The Word of the Lord to Ezekiel

Chapter 31

A relation to Pharaoh, 1, 2, of the glory of Assyria, 3-9, and the fall thereof for pride, 10-17. The similar destruction of Egypt, 18.

1 And it came to pass in the eleventh year, in the third month, on the first day of the month, that the word of the LORD came to me, saying,

2 "Son of man, say to Pharaoh king of Egypt and to his multitude, 'Whom are you like in your greatness?

3 Behold, the Assyrian was a cedar in Lebanon with fair branches and with a shady cover and of a high stature. And his top was among the thick boughs.

4 The waters made him great, the deep set him up on high. Her rivers ran around his planting-place and she sent out her little rivers to all the trees of the field.

5 Therefore, his height was exalted above all the trees of the field. And his boughs were multiplied and his branches became long because of the multitude of waters when he shot forth.

6 All the birds of heaven made their nests in his boughs, and under his branches all the beasts of the field brought forth their young, and under his shade all great nations dwelt.

7 Thus he was fair in his greatness, in the length of his branches, for his root was by great waters.

8 The cedars in the garden of God could not hide him. The fir-trees were not like his boughs and the plane-trees were not like his branches.
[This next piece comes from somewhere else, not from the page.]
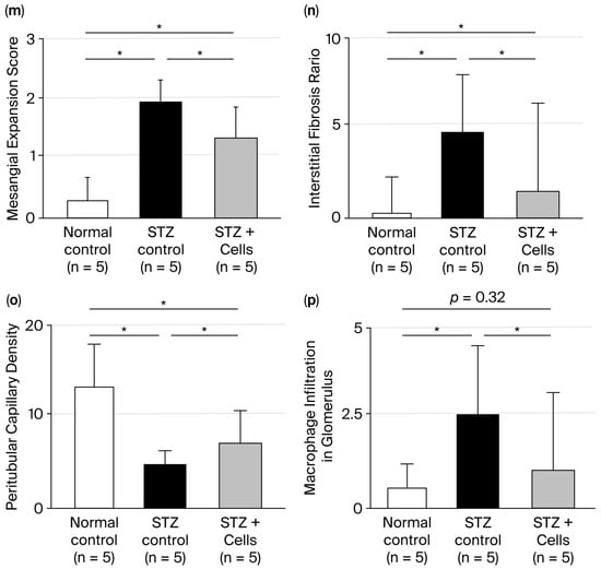 Representative photographs of mesangial matrix expansion, interstitial fibrosis, PTCs, and macrophage infiltration are shown in Figure 5a–l. Cell administration significantly improved all pathological findings, including mesangial matrix expansion, interstitial fibrosis, PTC rarefaction, and glomerular macrophage infiltration, which are representative pathological changes in diabetes. Mesangial expansion was significantly improved in the STZ-plus-cell-therapy group compared with the STZ control group (1.33 ± 0.65 vs. 1.85 ± 0.63, p < 0.0001). The interstitial fibrosis ratio (1.53 ± 1.36 vs. 4.38 ± 2.74, p < 0.0001), PTC density (6.3 ± 2.3 vs. 3.4 ± 1.5, p < 0.0001), and macrophage infiltration (0.87 ± 0.98 vs. 2.45 ± 1.79, p < 0.0001) were all significantly improved in the STZ-plus-cell-therapy group compared with the STZ control group (Figure 5m–p).
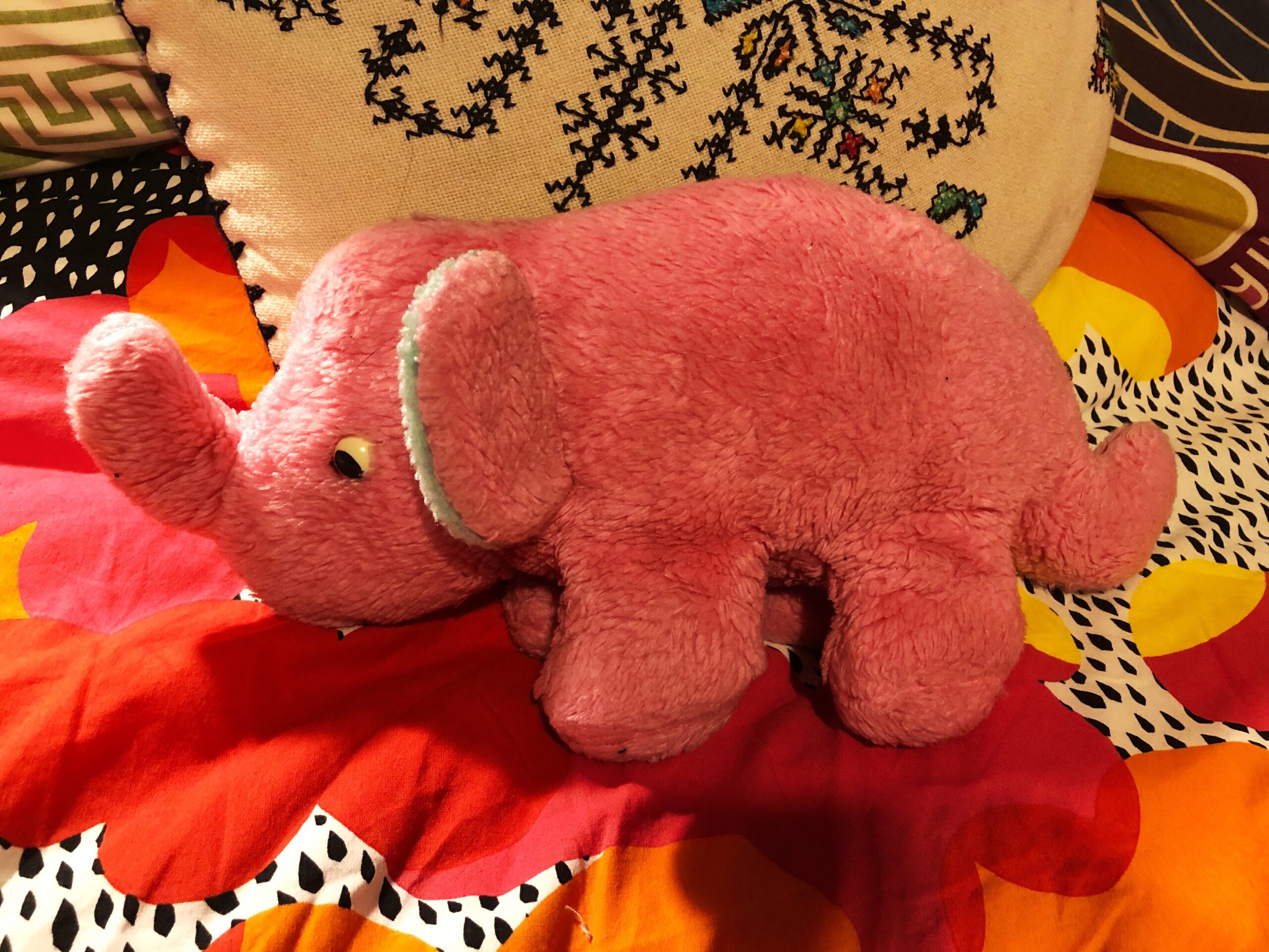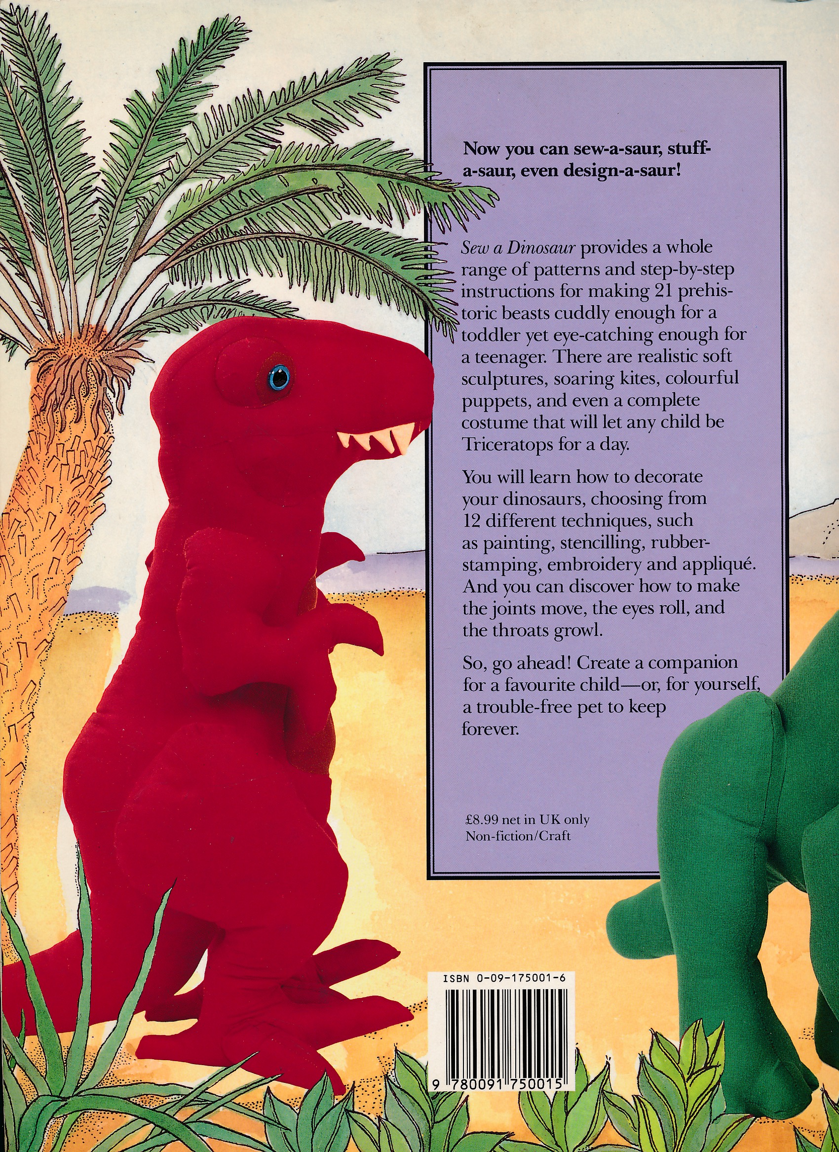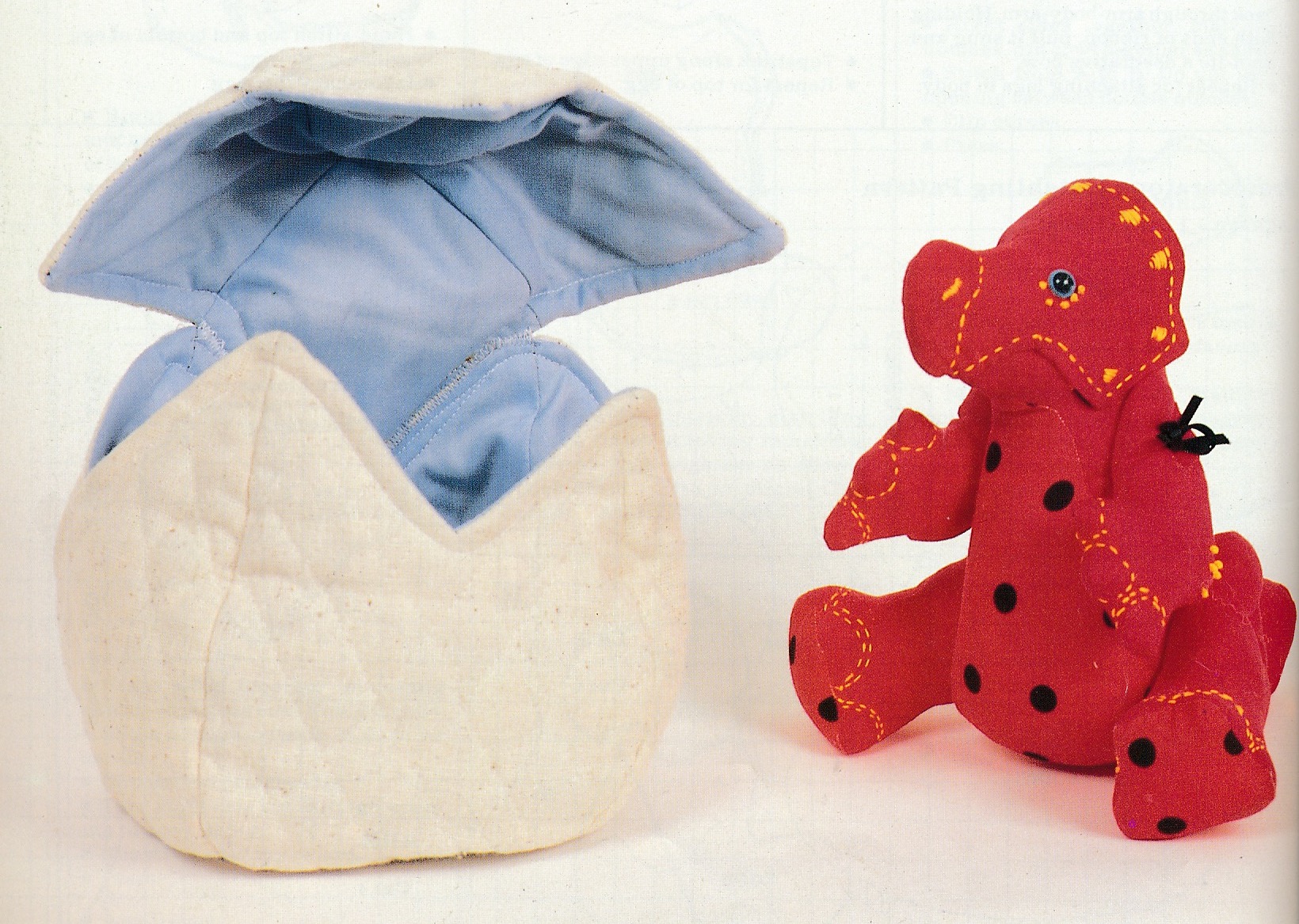 Let’s not forget however the toy dinosaur my nan made long before I got the book. She clearly adapted an elephant pattern. He used to have pink felt spikes on his back too.

No tree in the garden of God was like him in his beauty.

9 I have made him fair by the multitude of his branches, so that all the trees of Eden that were in the garden of God envied him.

10 'Therefore, thus says the Lord GOD: "Because you have lifted up yourself in height, and he has shot up his top among the thick boughs, and his heart is lifted up in his height, 11 I have therefore delivered him into the hand of the mighty one of the heathen. He shall surely deal with him. I have driven him out for his wickedness. 12 And strangers, the terrible of the nations, have cut him off and have left him. Upon the mountains and in all the valleys his branches have fallen and his boughs are broken by all the rivers of the land. And all the people of the earth have gone down from his shade and have left him. 13 Upon his ruin all the birds of the heaven shall remain, and all the beasts of the field shall be upon his branches, 14 To the end that none of all the trees by the waters shall exalt themselves for their height, nor shoot up their top among the thick boughs, nor their trees stand up in their height, even all that drink water, for they are all delivered to death, to the nether parts of the earth, in the midst of the children of men, with those who go down to the pit."

15 'Thus says the Lord GOD: "In the day when he went down to the grave I caused a mourning. I covered the deep for him and restrained its floods, and the great waters were stayed. And I caused Lebanon to mourn for him, and all the trees of the field fainted for him. 16 I made the nations to shake at the sound of his fall when I cast him down to the grave with those who descend into the pit. And all the trees of Eden, the choice and best of Lebanon, all that drink water, shall be comforted in the nether parts of the earth. 17 They also went down into the grave with him to those who are slain with the sword, and those who were his arm, who dwelt under his shade in the midst of the heathen.

18 "To whom are you thus like in glory and in greatness among the trees of Eden? Yet you shall be brought down with the trees of Eden to the nether parts of the earth. You shall lie in the midst of the uncircumcised with those who are slain by the sword. This is Pharaoh and all his multitude,"' says the Lord GOD."

Commentary

Matthew Henry Commentary - Ezekiel, Chapter 31

Notes

John Gill's Chapter Summary:

This chapter contains a confirmation of the preceding prophecy of the ruin of the king of Egypt by the example of the king of Assyria, to whom he was like in grandeur and pride, and would be in his fall. The time of the prophecy is observed (Ezekiel 31:1); the prophet is ordered to give the following relation to the king of Egypt (Ezekiel 31:2); in which the king of Assyria is compared to a large and flourishing cedar, for the extent of his dominions, the prosperous state of his empire, and his exaltation above all other princes, which drew upon him their envy (Ezekiel 31:3-9); therefore because of his pride, his heart being lifted up with these things (Ezekiel 31:10); ruin came upon him, which is described by the instruments and manner of it and the effects following it; mourning and fear in some, solace and comfort to others, and destruction to his associates (Ezekiel 31:11-17); therefore Pharaoh is called upon to consider all this, who was like to him in greatness and pride, and should have the like fate with him; nor could his greatness any more secure him than it did the Assyrian monarch (Ezekiel 31:18).